Enhanced QTMS Functions
Although serial tracking has been kept on from earlier versions of QTMS.QRP, and a serial SICI protocol has been proposed as a diagnostic tool for ALS, it is no longer recommended, as it has been found that rather different SICI results are obtained if the ISIs are changed in reverse order. Instead the developers recommend conventional amplitude measurements or the parallel tracking versions, in which conditioning+test stimuli at each ISI are tracked in parallel on separate channels1. An optional gating facility is incorporated, so that spontaneous activity or temporary failure to relax causes responses to be ignored. Moreover, monophasic paired TMS pulses can now be delivered with DuoMag (DuoMag MP Dual), and NeuroSoft (Neuro-MS Paired Monophasic stimulator) as well as MagStim (BiStim2) hardware, with stimulation rates up to once every 1.5 seconds (DuoMag).

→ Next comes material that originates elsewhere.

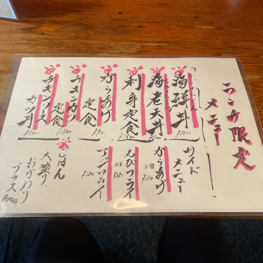 「益やん」に知人に連れて行ってもらい昼を食べる。益やんは居酒屋、昼はデカ盛りランチで有名らしい。店内は左側にカウンター4席、右側の座敷は広く4テーブルある。 益やんランチメニューは、 海鮮丼1,200円 えび天丼1,000円 刺身定食1,500円 からあげ定食900円 チキンカツ定食1,100円 チキンソースかつ丼1,000円 何を注文しようか考えていたら、とらにのテーブルに、山盛りの「チキンソースかつ丼」が運ばれてきて、引いてしまった。しかしデカ盛り有名店に来たので、私は「えび天丼」、知人は「からあげ定食」を注文。 しばらくすると注文した料理が運ばれてきた。「えび天丼」には皿が一枚付いている。山盛りの天ぷらを別の皿に移さないと食べれないからだろう。天ぷら自体はカラッと上がっておらず美味しいとはいえない。しかし、エビが5匹に野菜天がたっぷり乗っていてコストパフォーマンスは高い。知人のからあげ定食もからあげがたっぷりあり食べるのも辛そうだった。 寿司居酒屋なので、やはり海鮮丼がいいのかも知れない。次回は「海鮮丼」か「チキンソースかつ丼」チ...

Each Magnetic Stimulator has Different Hardware Connection Requirements
These TMS devices are all designed to deliver paired monophasic magnetic stimuli through a single coil, although they all achieve this result in slightly different ways. Thus the BiStim requires one serial connection and two TTL trigger inputs, the DuoMag requires two USB connections and two trigger inputs, while the NeuroSoft requires just one USB connection and one trigger input. It is recommended that QtracW is used in conjunction with a compatible National Instruments data acquisition interface which is used to trigger the TMS device(s) and to collect the EMG responses. Full details of the new recording software, and also the new analysis and plotting facilities in QtracP.EXE, will be found in the new QtracW & TMS manual and the use of this software to compare 3 methods of SICI recording is described by Tankisi et al. (2021).
The QTMSG series of TMS software protocols can be used only with the QtracS.EXE program. The intellectual property rights of this software, which belong to QTMS Science Ltd., are protected by encryption as a QRPZ (encrypted QRP) file, for use only in conjunction with a particular QtracSP dongle.

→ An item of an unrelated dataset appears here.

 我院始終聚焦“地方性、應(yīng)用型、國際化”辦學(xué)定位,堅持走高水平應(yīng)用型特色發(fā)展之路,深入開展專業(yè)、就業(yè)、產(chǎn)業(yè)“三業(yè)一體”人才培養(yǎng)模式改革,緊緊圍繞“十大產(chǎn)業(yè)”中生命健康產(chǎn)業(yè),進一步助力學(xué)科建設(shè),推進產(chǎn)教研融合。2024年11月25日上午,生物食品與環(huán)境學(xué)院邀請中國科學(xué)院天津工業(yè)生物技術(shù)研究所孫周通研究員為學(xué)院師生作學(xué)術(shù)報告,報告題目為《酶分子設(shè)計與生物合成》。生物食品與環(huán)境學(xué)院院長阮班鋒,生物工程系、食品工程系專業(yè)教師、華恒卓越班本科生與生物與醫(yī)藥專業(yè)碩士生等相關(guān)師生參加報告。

Three types of QTMSG QRPZ file can be issued on request:
- A free trial version, for use only during a QtracW 50-day free trial period.

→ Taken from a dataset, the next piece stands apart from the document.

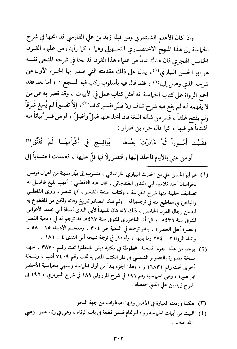 وإذا كان الأعلم الشنتمري ومن قبله زيد بن علي الفارسي قد اتجها في شرح الحماسة إلى هذا المنهج الاختصاري التسهيلي وهما، كما رأينا، من علماء القرن الخامس الهجري فإن هناك عالمًا من علماء هذا القرن قد نحا في شرحه المنحي نفسه هو أبو الحسن البياري، يدل على ذلك مقدمته التي صدر بها الجزء الأول من شرحه الذي وصل إلينا، فقد قال فيه بأسلوب ركب فيه السجع: "أما بعد فقد أجمع الرواة على كتاب الحماسة أنه أمثل كتاب عمل في الأبيات، وقد قصر به عن من لا يفهمه أنه لم يقع فيه شرح شاف ولا فسر تفسير كاف، إلا تفسيرًا لم يسغ شرقًا ولم يفتح غلقًا، فسر من شأنه اللغة فإن أخذ عنها ضل وأضل، أو من فسر أبياتًا منه أشتاتًا هو فيها، كما قال جزء بن ضرار:

- A 50-day free trial version, for use with a specific QtracSP dongle.
- A regular version, for use with a specific QtracSP dongle, and available for a whole number of months, between 12 and the last month of validity of the dongle.
Requests for quotations should be directed to Digitimer, as we are acting as agents for QTMS Science Ltd. All QTMSG licence or free trial requests must be accompanied by the code of the relevant QtracSP dongle (which can be obtained from the dongle by running the Qtrac utility DongleRead.EXE or DongleCheck.EXE). Free trial versions may only be obtained from Professor Hugh Bostock ([email protected]).
References
Kiernan, M. C., Bostock, H., Park, S. B., Kaji, R., Krarup, C., Krishnan, A. V., … Burke, D. (2020). Measurement of axonal excitability: Consensus guidelines. Clinical Neurophysiology, 131(1), 308–323.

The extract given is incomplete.